Two things are required by the Constitution of the United States for the admission of this new State; first, the assent of the Legislature of the State out of which it is to be formed; and secondly, the assent of Congress. The decision then turns to a great extent upon the question whether the Governor now acting as the Governor of Virginia, and resides at Wheeling, and the Legislature to which he communicates his messages, are really the Governor and Legislature of the loyal people of Virginia. I think they are, and that the history of events in Virginia will prove that fact.

When, in February, 1861, the traitorous authorities of Virginia attempted to take that State out of the Union, the people of Western Virginia nobly resisted that conspiracy; and instead of joining with their fellow-citizens in other parts of the State, they called together a convention elected by the loyalists of that region, and some other counties not included within the boundaries of the new State, and determined to stand, at every hazard and through every persecution, by the Union as it was. That convention, speaking the voice of loyal Virginians, called all the members elect of the Legislature – chosen as they were on the day prescribed by their State constitution – who would take the oath of fealty to the Union, to meet at Wheeling; and thus a loyal Legislature, chosen in accordance with the constitution and law of Virginia, assembled and was organized. This machinery of the State government had been abandoned by Governor Letcher and by the Legislature which participated with him in his treason. It having thus lapsed, the loyal people of Western Virginia took possession of this machinery, in order that all the State might not be driven into this wicked rebellion.

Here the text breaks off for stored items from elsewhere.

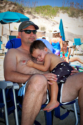 Last Saturday our little family departed for our annual trip to the OBX. In past years we have always stayed in a big house with family or friends, but not this year. This year we found one of the few condos available in Corolla Light and settled in, just the five of us. I was very wary about not taking playmates for my children, especially when they kept asking, "who's going to be there?" and "who will we do stuff with?" I am very happy to say that despite the occasional time we had to pry our children's claws out of each other, everyone got along swimmingly and all three brothers had a great time just being together. We always go to Corolla the week before school starts because the prices go down substantially and because it is always nice to have this trip to look forward to at the end of the summer. Since this week falls at the end of August and beginning of September, there is always a risk of bad weather- hurricanes to be more specific. We've been there before when a hurricane has hit just south of where we stay and it was actually a little bit fun to hear the winds and walk on the beach afterwards to see everything that washed up on the beach. When we heard that Earl was forecasted for during our stay we didn't worry about it. The kids enjoyed participating in programs at the Wildlife Center where they did crabbing again, which they loved last year and wanted to repeat, and also did some cane pole fishing where Cameron and Gavin both caught fish, and also went to a class on the organisms that live in the sound where they used nets to catch and examine all kinds of little creatures. One day Jeremy took Cameron and Gavin out on a jet ski in the sound which Cameron kept begging all week to do again. The community where we stayed had a big oceanfront pool that was perfect to hop into for a bit after a sandy day at the beach and they also had an indoor pool which was perfect for when we had had enough sun. But oh how we love the beach. Every day until Thursday we went for a few hours, building sandcastles and jumping over waves. Gavin surprised us all by his fearlessness as he swam over and under even the biggest of waves and he kept trying to venture out farther and farther. There were a couple of red flag days when we weren't supposed to get in the water and Gavin refused to heed the warnings, so we were constantly having to drag him back out of the surf. Cameron was content with the water up to his knees and poor little Mason wanted nothing to do with the unpredictability of the waves. The very first night we were there we took the kids down to dip their toes in and Mason got pummeled by a big wave. After that he only wanted to sit on a chair or be held. We watched a little bit of the weather while we were there but didn't really think much of it until my sister Lisa called on Wednesday asking if we were going to evacuate. That's when we watched a bit closer and learned that the county just below us and the Carova 4 x 4 beaches just above us were under mandatory evacuation. It was just us and Duck that were left and Thursday morning they made it mandatory that all visitors leave. We were looking forward to the two remaining days, even if they were rainy because we had puzzles and games and movies to keep us busy, so it was a bit of a bummer. We packed up our stuff, tried to eat the food left in the refrigerator and set out at noon. The rental office was 3 miles south of where we stayed. Since everyone else was leaving as well, it took us 2 hours to go those 3 miles! The traffic was at a complete standstill and eventually I got out and walked to turn in our keys. It took nearly 4 hours just to get off the outer banks which is less than 20 miles down. We decided to stay the night in Williamsburg and get one more day out of Busch Gardens. We had stopped there for a few hours on our way to the beach and had planned to stop again anyway on the way home. After the rain stopped on Friday we enjoyed no lines on all of our favorite rides. It was the perfect end to an eventful week. This may have been our favorite beach week yet, even though it was just us. Not only do I love my family, but I just really, really like them and bonding times like this make me like them even more.
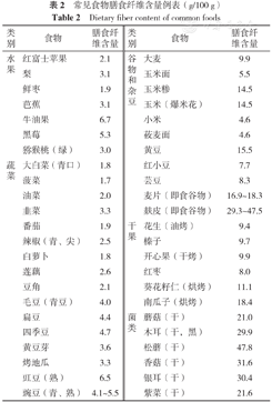 《中国居民膳食指南》[24]建议正常成年人每天摄入膳食纤维25~30 g。大多数欧洲国家以及澳大利亚、新西兰、美国等推荐膳食纤维摄入:男性30~35 g/d、女性25~32 g/d[25]。多项研究显示健康人群日常膳食纤维摄入低于这一推荐。2011—2012年美国人群总膳食纤维摄入量为18.3 g/d,2009—2012年英国为13.6 g/d,2006—2007年法国为16.9 g/d,2008年澳大利亚为20 g/d[25],且2002年芬兰女性低于18 g/d[26]。2015年我国成年居民不溶性膳食纤维摄入量平均为12.2 g/d,总膳食纤维摄入量平均为18.5 g/d,约1/2人群膳食摄入为适宜摄入量的40%~79%[27]。
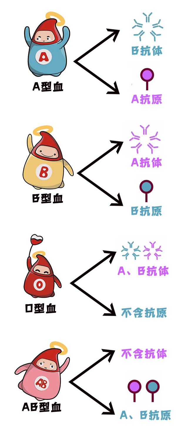 AB型血,不含抗體,A.B抗原
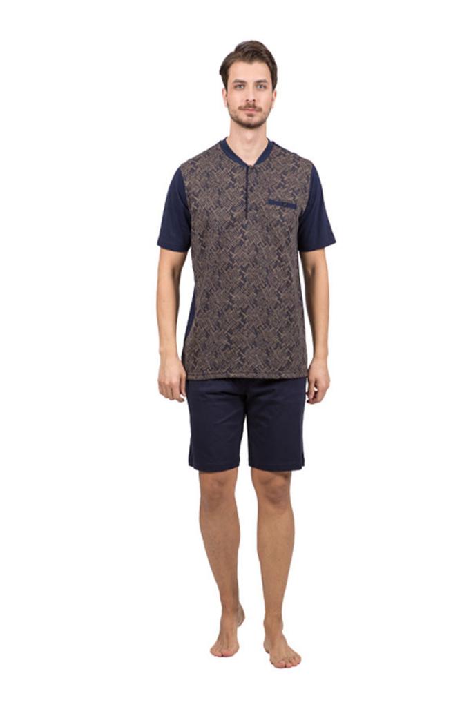 Çift Kaplan 3’lü Şortlu Kısa Kol Jakarlı Erkek Pijama Takım
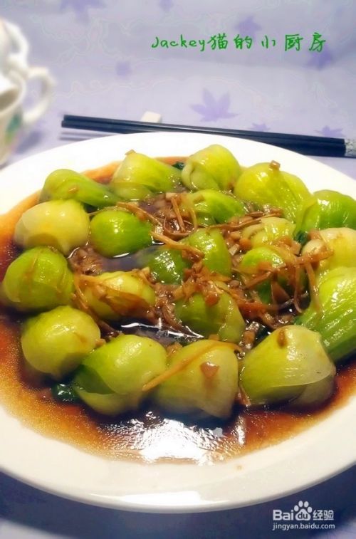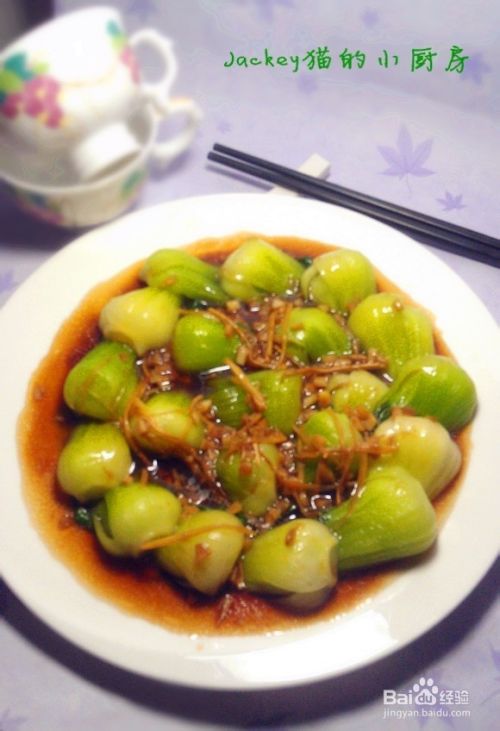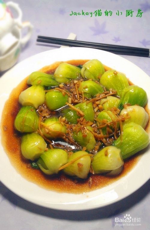 最后把烧好的酱汁浇在小棠菜上面,就可以上桌喽~
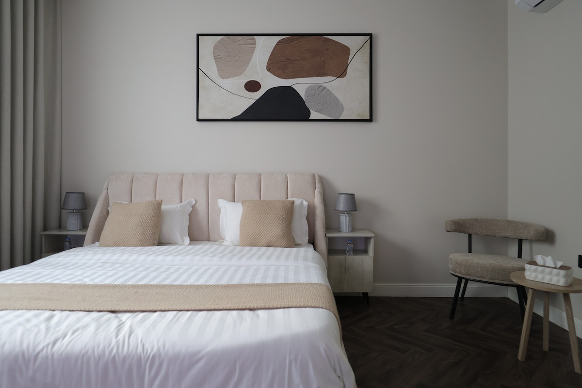 Alójate en un moderno apartamento en Medina, una estancia serena a pocos pasos de Masjid Quba. Cerca de Quba Masjid, centro comercial y Aliat Mall. Disfruta de una espaciosa residencia con un diseño moderno que incluye aire acondicionado central y duchas con efecto lluvia.
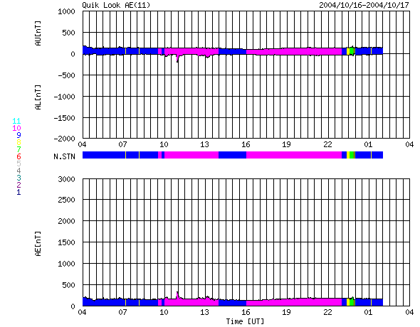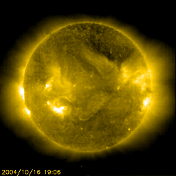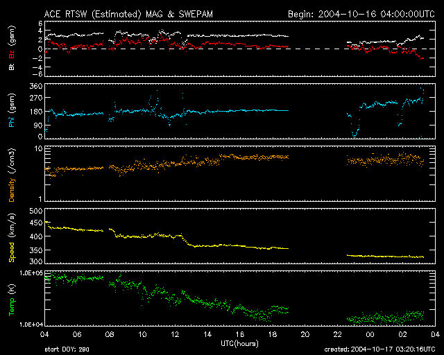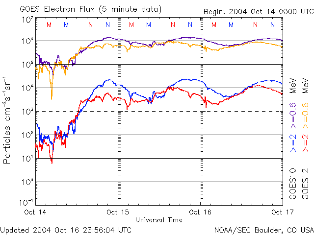 2004/10/17 12:20 更新 放射線帯高エネルギー電子が多い状態が続いています。太陽風、磁気圏は静穏です。 担当 篠原 放射線帯の高エネルギー電子密度の高い状態が続いています。 GOES衛星の観測によると、昨日も密度はわずかですが増加し、 青線(GOES10)と赤線(GOES12)が、共に警戒ラインである10の4乗の線を越えています。 高エネルギー電子は磁気圏の乱れが発生しなければ、数日かけて緩やかに減少するだけです。 衛星運用では、しばらく注意が必要でしょう。 太陽風は、引き続き緩やかに速度が低下し続け、320km/秒とかなり遅くなっています。 磁場強度も1〜3nTにまで弱まり、擾乱の要因はほとんどなくなっています。 AE指数のグラフにはほとんど変化が観測されておらず、 オーロラ活動はとても低調だった様です。 27日周期の図をご覧下さい。 前周期の太陽風の変化を見ると、9月20日にセクターの切り替わりが発生し、 その後、磁場南北成分の激しい振動と、小幅ですが速度の上昇が現れています。 この変化が今周期も繰り返されると考えると、 明日以降にセクターの切り替わりが観測され、 続いて磁場の振動、太陽風速度の上昇が始まると予想されます。 この変化に伴って、オーロラ活動が2〜3日程度活発化することが考えられます。 明日以降の太陽風の変化に注目して下さい。 太陽のフレア活動も目立った変化はありません。 682黒点群の姿がはっきり見えています。 規模に変化はなく、小規模フレアへの注意が必要な程度です。 SOHO衛星のEIT284カメラの映像 (c) SOHO (ESA & NASA)
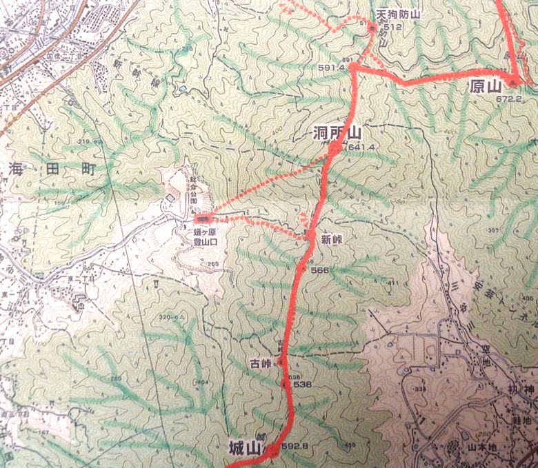 洞所山(641.4m)は海田町と熊野町の境界に位置しする安芸アルプス(鉾取山系)の南から3番の山です。海田町総合公園に抜ける 新峠(しんたお)があり、昔は熊野〜海田町方面に多くの人が利用していた。明治の境界標識が見られ日清戦争時に軍部機能を果たして設置されたと言われている。 |
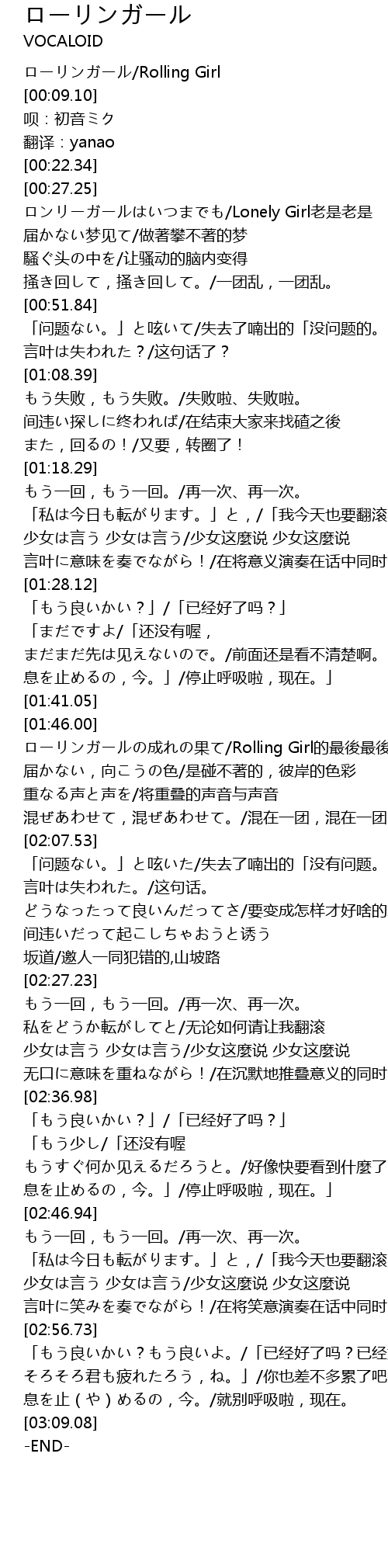 | [01:48.47] | ローリンガールの成れの果て/Rolling Girl的最後最後 |
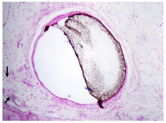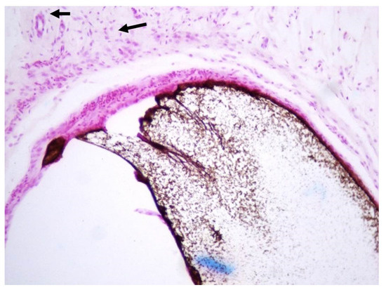 Histologic micrograph of foreign material surrounded by a thin fibrous connective tissue capsule. The matrix contained mild inflammatory cell infiltrate composed primarily of lymphocytes and few scattered small blood vessels (arrows). H&E: hematoxylin & eosin stain, ×200.
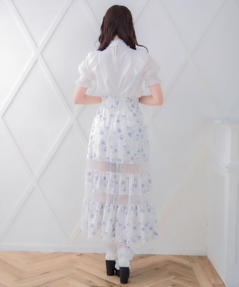 華美な花柄がコーデの主役に♡ドットと花柄をMIXさせたロングスカートのお目見えです。フレアシルエットで表情豊か、シアーから程よくレッグラインが透けて軽やかな印象を与えます。ウエストベルトのリボンがROJITAらしいディテールポイント♪ ※照明の関係で実際のお色味と若干異なる場合がございます。 ※表示のサイズ感と実物は若干異なる場合がございますので、予めご了承ください。 モデル身長:163cm
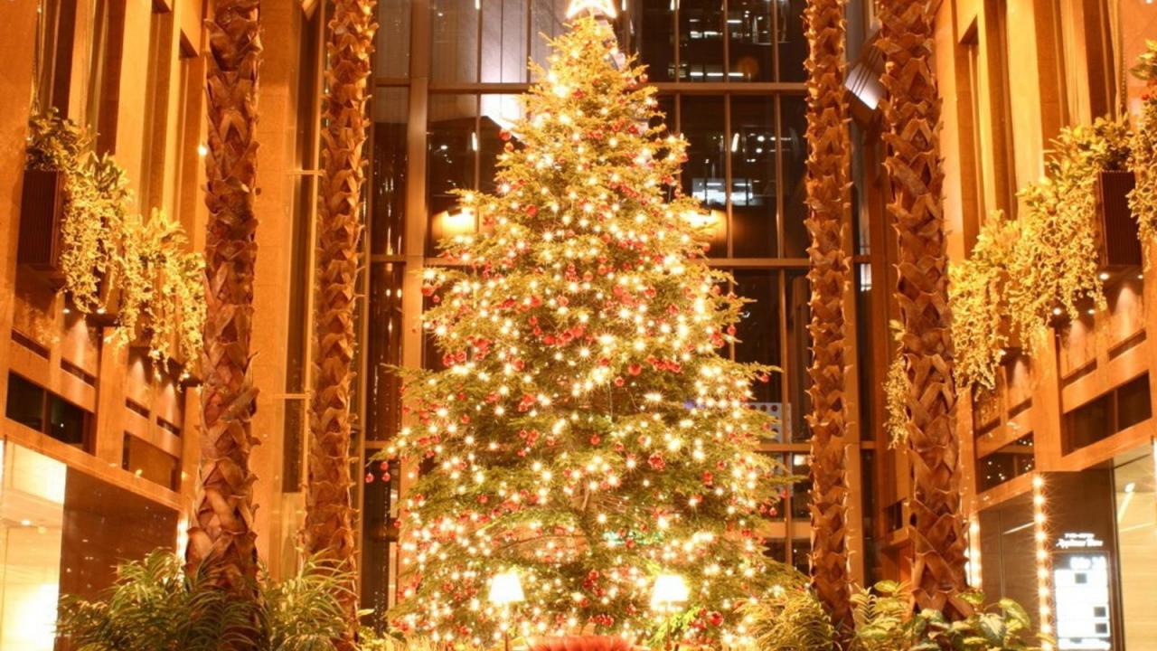 Wallpaper Beautiful Christmas tree for New Year horse
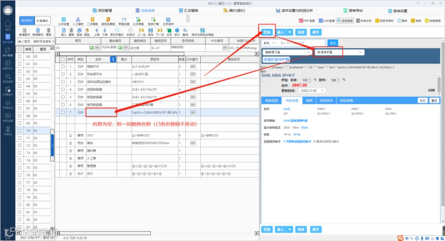 算易智能报价上一个版本发布以后,算易报价研发团队聚焦客户应用场景,对【人工辅材公式设置费用】,【表格排序】和【箱柜库设置】等功能也在不断持续迭代优化,并新增【元件排序】等功能~
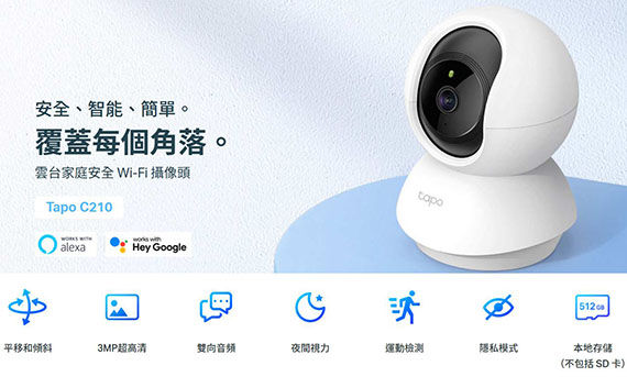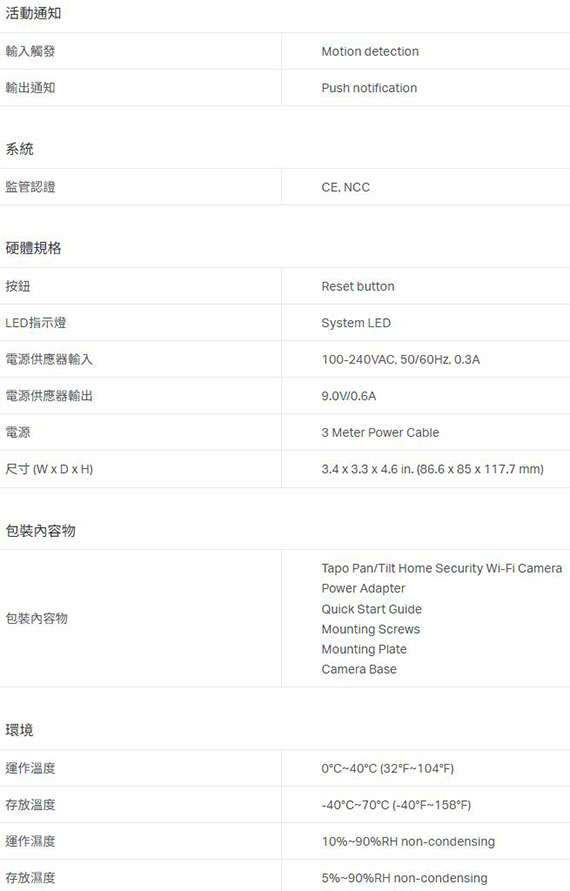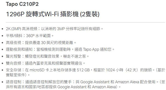 2K(2304 x 1296)@15fps,水平:360°,垂直:114°,夜視:850nm IR LED高達30呎,具備移動偵測與發送警報訊息通知的功能,自動化警報功能,自動觸發燈光與聲音警報,影像即時觀看,雙向語音功能,本地儲存,最大支援256GB記憶卡(另購),透過APP,可一鍵進行水平/垂直巡邏,定位標記,旋轉角度設定,支援16倍速快進,慢速回放,支援倒置安裝,支援多個裝置同時遠端監控,支援Google音箱,語音操控,尺寸(WDH)86.6x85x117.7mm,電源輸入:100-240VAC,50/60Hz,0.3A,輸出:9.0V/0.6A,保固2年 NCC認證碼: CCAR21LP0490T2 BSMI認證碼: D38330
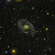NGC 2273 is a barred spiral galaxy located in the constellation Lynx. It is located at a distance of circa 95 million light years from Earth, which, given its apparent dimensions, means that NGC 2273 is about 100,000 light years across. It was discovered by Nils Dunér on September 15, 1867.[3]
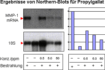 Fibroblasten-Kulturen eignen sich nicht nur zum Studium der Collagensynthese sondern auch zur Untersuchung bestimmter Photoalterungsprozesse. Seit längerem ist bekannt, dass vor allem exzessives Sonnenbaden die Haut altern lässt (5,6). UV-Licht, das auf einen Fibroblasten in der Haut trifft, veranlasst diesen, collagenabbauende Enzyme, sogenannte Collagenasen oder Metallomatrixproteasen (MMP's) zu produzieren. Diese schädlichen Enzyme zerschneiden das Collagen, den Hauptbestandteil des Hautbindegewebes, und führen damit zur frühzeitigen Entstehung von Falten (5,6). Die Reduktion der MMP-1-Synthese nach Sonnenexposition der Haut ist daher ein Hauptziel bei der Entwicklung von Anti-aging-Produkten. Ein idealer Anti-age-Wirkstoff inhibiert bereits in geringer Konzentration die Expression der Collagenase MMP-1. Die Produktion der mRNA ist im Verlauf der MMP-1-Synthese der erste und damit wichtigste Schritt. Wirkstoffe, die einen Effekt auf die mRNA-Produktion zeigen, haben somit automatisch auch einen Effekt auf die Proteinmenge und die Enzymaktivität von MMP-1. Die Quantifizierung der MMP-1 Synthese in Sonnenlicht-bestrahlten Hautfibroblasten erfolgte durch die Bestimmung der synthetisierten Menge der MMP-1-mRNA im Northern-Blot (5).

The next question is, has this loyal Legislature been reorganized? There are facts enough in the action of the various branches of this Government to prove to us that they have, one and all, fully, and in various ways, recognized this as the only true and rightful government of Virginia. Allow me to present a few of them:

First. The Senate of the United States has recognized this Legislature as the Legislature of the State of Virginia, and admitted two Senators elected by that body to fill vacancies caused by treason, as the rightfully chosen Senators of Virginia. That was done almost unanimously by that body.

Secondly. The executive department of the Government, and the highest portion of that executive department, the President himself, has repeatedly recognized the Governor and the Legislature of Virginia as the rightful authorities of that State.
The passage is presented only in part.